= WHAT YOU SHOULD DO =
Go through the listing below and output exactly the line with "100Pcs 25mm Mini", the line with "七分袖なので春夏は一枚で、冬はインナーを重ねて着て頂けます。", and each line between; omit the rest.

[Opening GIVEN ENTRIES section]

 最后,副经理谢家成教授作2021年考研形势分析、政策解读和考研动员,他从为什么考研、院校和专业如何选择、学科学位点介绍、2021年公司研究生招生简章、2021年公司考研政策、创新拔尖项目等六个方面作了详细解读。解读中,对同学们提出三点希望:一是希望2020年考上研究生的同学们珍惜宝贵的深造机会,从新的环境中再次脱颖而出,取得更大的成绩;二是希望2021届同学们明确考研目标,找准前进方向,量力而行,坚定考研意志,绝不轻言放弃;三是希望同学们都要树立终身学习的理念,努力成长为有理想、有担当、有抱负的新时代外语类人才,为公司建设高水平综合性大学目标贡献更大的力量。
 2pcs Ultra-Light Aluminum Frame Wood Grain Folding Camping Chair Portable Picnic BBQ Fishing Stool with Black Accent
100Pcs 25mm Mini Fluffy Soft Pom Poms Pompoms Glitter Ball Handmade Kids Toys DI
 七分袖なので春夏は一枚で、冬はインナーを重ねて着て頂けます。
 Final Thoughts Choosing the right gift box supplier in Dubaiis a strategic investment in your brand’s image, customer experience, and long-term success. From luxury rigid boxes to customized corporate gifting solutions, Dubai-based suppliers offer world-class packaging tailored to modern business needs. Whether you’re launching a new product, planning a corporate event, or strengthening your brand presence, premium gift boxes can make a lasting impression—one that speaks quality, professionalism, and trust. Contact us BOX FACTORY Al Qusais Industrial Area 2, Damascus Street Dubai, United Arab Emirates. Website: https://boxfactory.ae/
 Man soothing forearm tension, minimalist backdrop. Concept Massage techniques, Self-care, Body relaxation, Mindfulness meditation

[Closing GIVEN ENTRIES section]
[Opening GIVEN ENTRIES section]

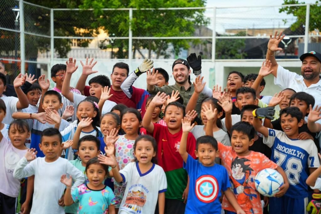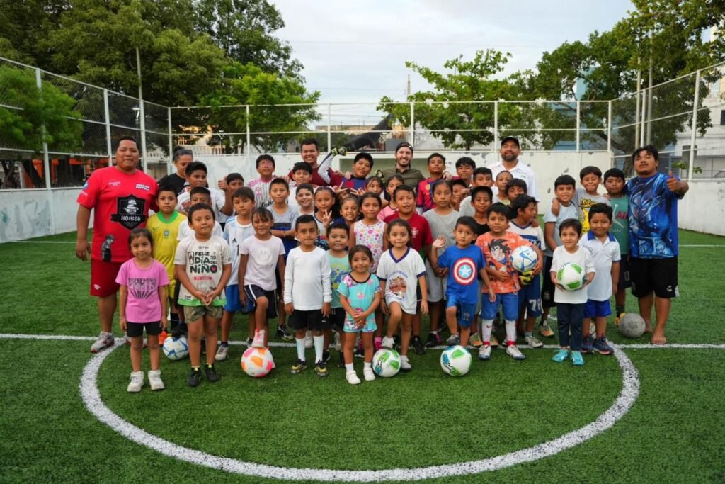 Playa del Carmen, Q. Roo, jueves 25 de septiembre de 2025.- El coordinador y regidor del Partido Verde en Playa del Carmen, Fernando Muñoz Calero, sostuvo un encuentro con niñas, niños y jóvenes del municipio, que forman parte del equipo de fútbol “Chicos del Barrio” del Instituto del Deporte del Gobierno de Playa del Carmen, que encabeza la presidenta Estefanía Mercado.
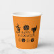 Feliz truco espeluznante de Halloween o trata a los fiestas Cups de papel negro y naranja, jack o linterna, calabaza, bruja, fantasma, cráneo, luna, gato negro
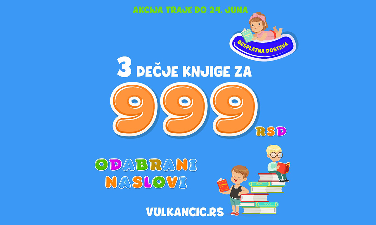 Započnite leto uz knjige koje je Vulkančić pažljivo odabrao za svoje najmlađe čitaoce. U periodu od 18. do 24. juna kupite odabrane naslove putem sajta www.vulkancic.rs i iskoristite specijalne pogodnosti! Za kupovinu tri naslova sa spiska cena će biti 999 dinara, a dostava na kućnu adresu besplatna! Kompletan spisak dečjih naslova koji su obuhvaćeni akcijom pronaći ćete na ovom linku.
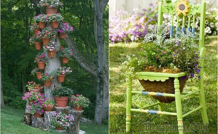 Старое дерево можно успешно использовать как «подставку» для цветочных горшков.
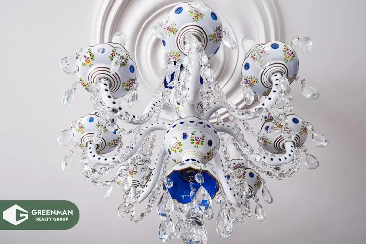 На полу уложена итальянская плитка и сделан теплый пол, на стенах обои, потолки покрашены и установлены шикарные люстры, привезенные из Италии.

[Closing GIVEN ENTRIES section]

= RESPONSE TO THE TASK =
100Pcs 25mm Mini Fluffy Soft Pom Poms Pompoms Glitter Ball Handmade Kids Toys DI
 七分袖なので春夏は一枚で、冬はインナーを重ねて着て頂けます。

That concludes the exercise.